BEGIN

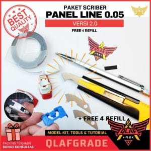 Alat scribing paling sederhana yang dapat menciptakan panel line baru secara baik. Isi paket : – tape scribing guide 6mm (panjang 3 meter) x 1buah – scriber cutter (isi 2 blade) x1buah – scriber pen x1buah Cara pakai : – amplas dulu permukaan part yang ingin discriber (agar pensil dapat menempel) – rencanakan menggunakan pensil…
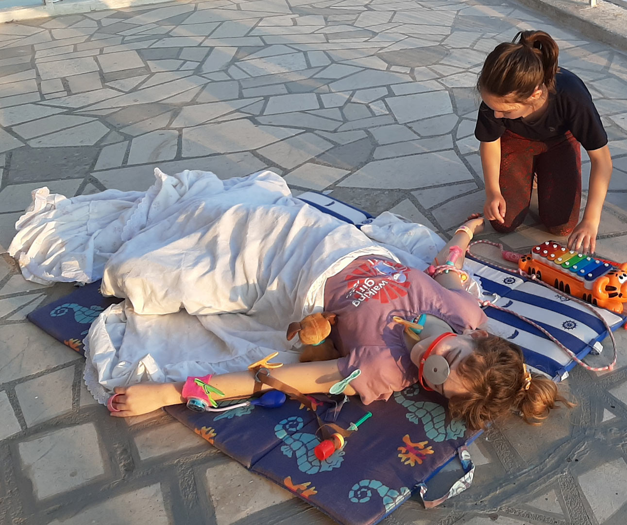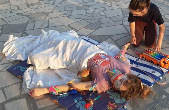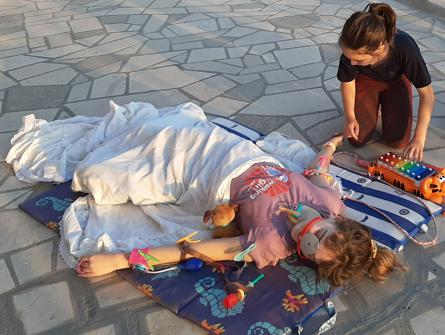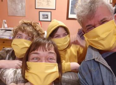 Fotografije su nastale na moju [Lidijinu] inicijativu. Bilo je i više različitih obiteljskih životnih trenutaka koje sam odlučila zabilježiti radi jedinstvenosti svoje prirode, jer jasno pokazuju koliko nam je svima situacija s COVID-om 19 promijenila život, te sam time htjela usmjeriti djecu da se lakše i s pozitivnim pogledom nose sa svime. Na fotografijama sam zabilježila dio prostora koji je suprug pretvorio u kućni kafić, njegov susret pred trgovinom s jednim od kolega i razgovor na propisanoj udaljenosti, svoje maske izrađene na singerici, kako se ljubimac nosi sa situacijom rada od doma, igru djece koja me zatekla jer naša djeca inače imaju toliko obaveza s dvije škole da se sigurno u ovo doba ne bi igrala, niti bi starija mogla čuvati mlađe rođake. Ali na sve to me iznenadio odgovor osmogodišnjakinje da se igraju da Ines ima najteži slučaj korone i činjenica da su od ksilifona i konopa za preskakanje napravili infuziju i nešto za što oni smatraju da je respirator. To mi je možda i najvažnija fotografija i žao mi je da nije kvalitetnije slikana jer sam je zapravo zabilježila u prolazu, za sjećanje.
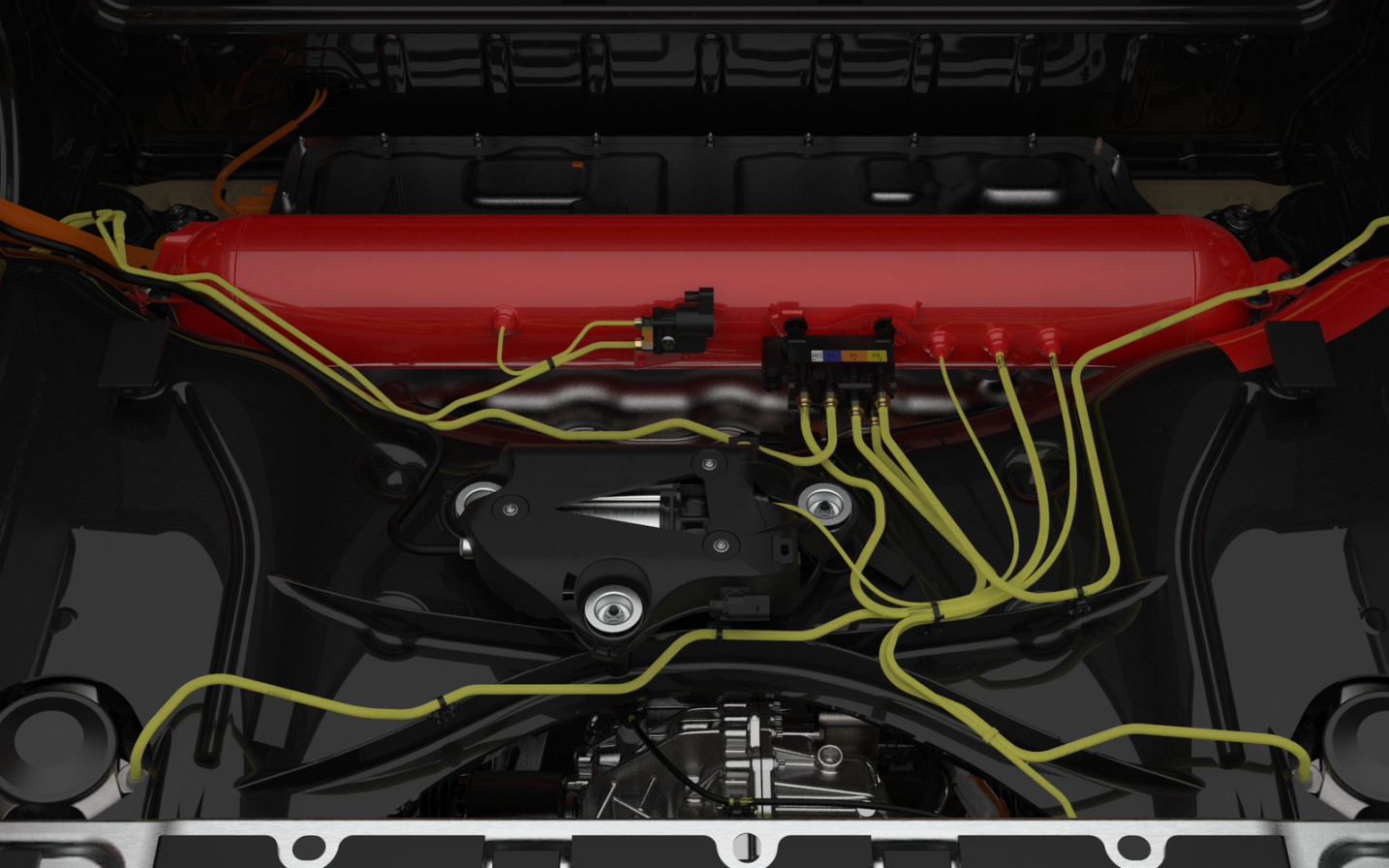 The Reservoir to Valve Block, Valve Block to Ancillary, and Ancillary to High Voltage Battery air lines enable Pressurized Pack functionality.
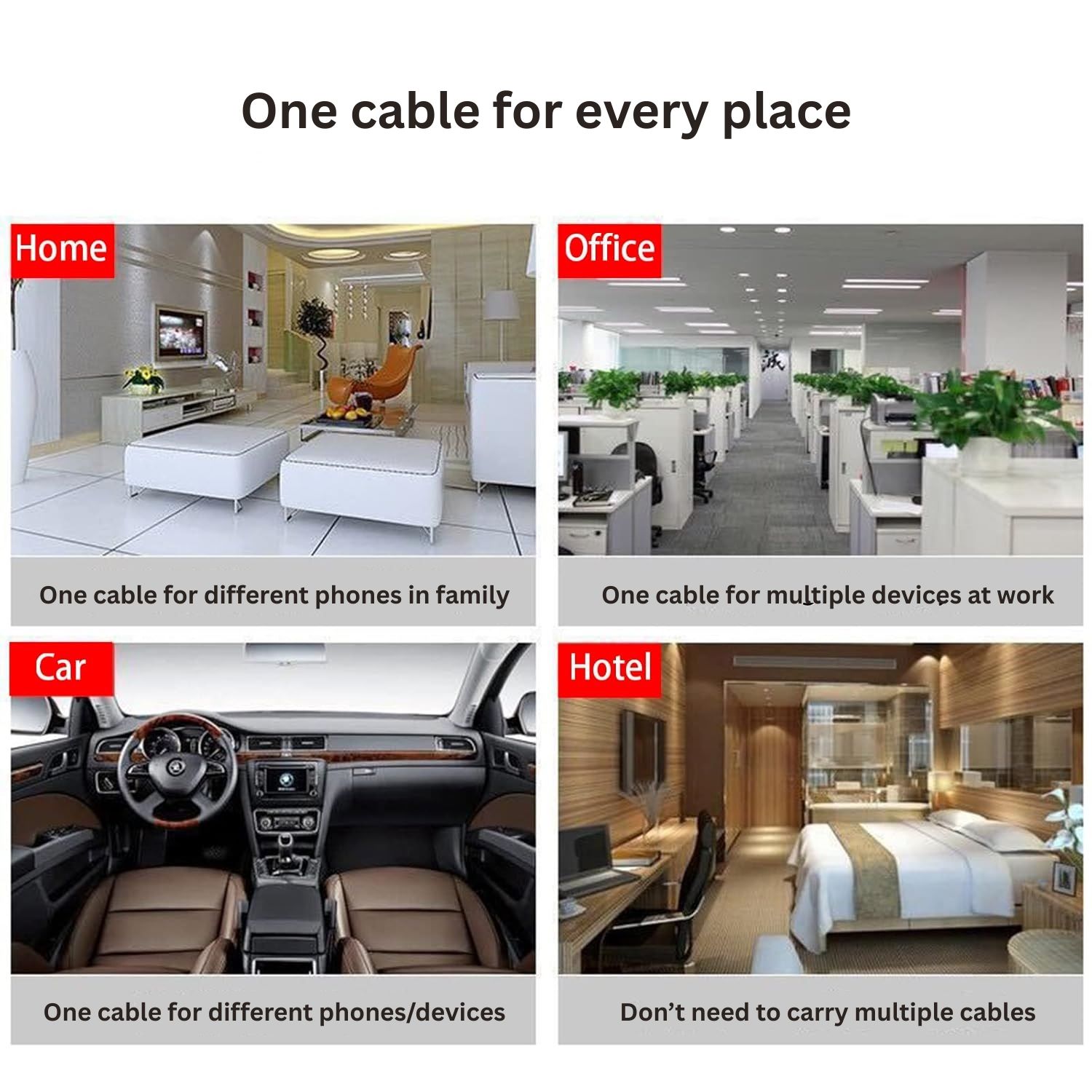 - Don’t need to carry multiple cable for travel, office and any occasion.
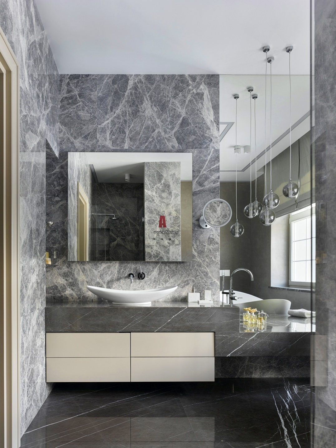 Ванная комната при главной спальне. На стенах и полу – серый мрамор. Сантехника, Villeroy & Boch.
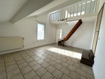 Situé au 1er étage d'un immeuble de 2 logements et proche de toutes commodités, découvrez ce spacieux appartement de +/- 125m². Comprenant au rez : salon de 23m², salle à manger, cuisine équipée, 1 chambre, 1 salle de douche (+ emplacement machine à laver). A l'étage : 1 mezzanine de 13,5m² (dressing/bureau) et une grande chambre de 36m². Loyer : 700€ hors charges. Pas d'extérieur. Hall commun, compteurs individuels (eau, gaz,électricité). Libre de suite.
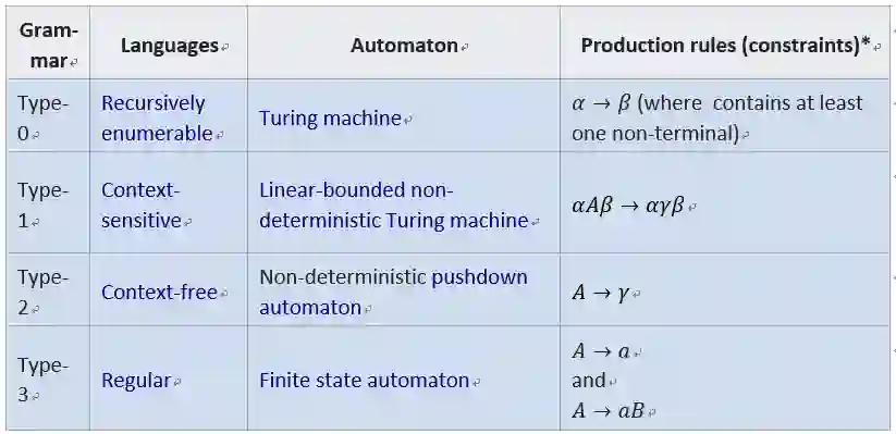 这里先回顾一下形式语言与自动机理论,下图和表格分别为乔姆斯基文法体系以及自动机与文法间的对照关系:
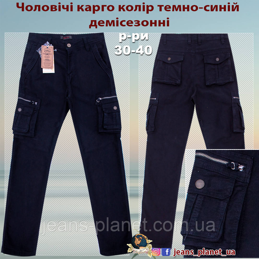 Чоловічі джинси карго з бічними кишенями темно-синього кольору Forex

END

*GOAL OF THE EXERCISE*.
Output the entries above verbatim, with no picture included.

*ANSWER BOX*.
 Alat scribing paling sederhana yang dapat menciptakan panel line baru secara baik. Isi paket : – tape scribing guide 6mm (panjang 3 meter) x 1buah – scriber cutter (isi 2 blade) x1buah – scriber pen x1buah Cara pakai : – amplas dulu permukaan part yang ingin discriber (agar pensil dapat menempel) – rencanakan menggunakan pensil…
 Fotografije su nastale na moju [Lidijinu] inicijativu. Bilo je i više različitih obiteljskih životnih trenutaka koje sam odlučila zabilježiti radi jedinstvenosti svoje prirode, jer jasno pokazuju koliko nam je svima situacija s COVID-om 19 promijenila život, te sam time htjela usmjeriti djecu da se lakše i s pozitivnim pogledom nose sa svime. Na fotografijama sam zabilježila dio prostora koji je suprug pretvorio u kućni kafić, njegov susret pred trgovinom s jednim od kolega i razgovor na propisanoj udaljenosti, svoje maske izrađene na singerici, kako se ljubimac nosi sa situacijom rada od doma, igru djece koja me zatekla jer naša djeca inače imaju toliko obaveza s dvije škole da se sigurno u ovo doba ne bi igrala, niti bi starija mogla čuvati mlađe rođake. Ali na sve to me iznenadio odgovor osmogodišnjakinje da se igraju da Ines ima najteži slučaj korone i činjenica da su od ksilifona i konopa za preskakanje napravili infuziju i nešto za što oni smatraju da je respirator. To mi je možda i najvažnija fotografija i žao mi je da nije kvalitetnije slikana jer sam je zapravo zabilježila u prolazu, za sjećanje.
 The Reservoir to Valve Block, Valve Block to Ancillary, and Ancillary to High Voltage Battery air lines enable Pressurized Pack functionality.
 - Don’t need to carry multiple cable for travel, office and any occasion.
 Ванная комната при главной спальне. На стенах и полу – серый мрамор. Сантехника, Villeroy & Boch.
 Situé au 1er étage d'un immeuble de 2 logements et proche de toutes commodités, découvrez ce spacieux appartement de +/- 125m². Comprenant au rez : salon de 23m², salle à manger, cuisine équipée, 1 chambre, 1 salle de douche (+ emplacement machine à laver). A l'étage : 1 mezzanine de 13,5m² (dressing/bureau) et une grande chambre de 36m². Loyer : 700€ hors charges. Pas d'extérieur. Hall commun, compteurs individuels (eau, gaz,électricité). Libre de suite.
 这里先回顾一下形式语言与自动机理论,下图和表格分别为乔姆斯基文法体系以及自动机与文法间的对照关系:
 Чоловічі джинси карго з бічними кишенями темно-синього кольору Forex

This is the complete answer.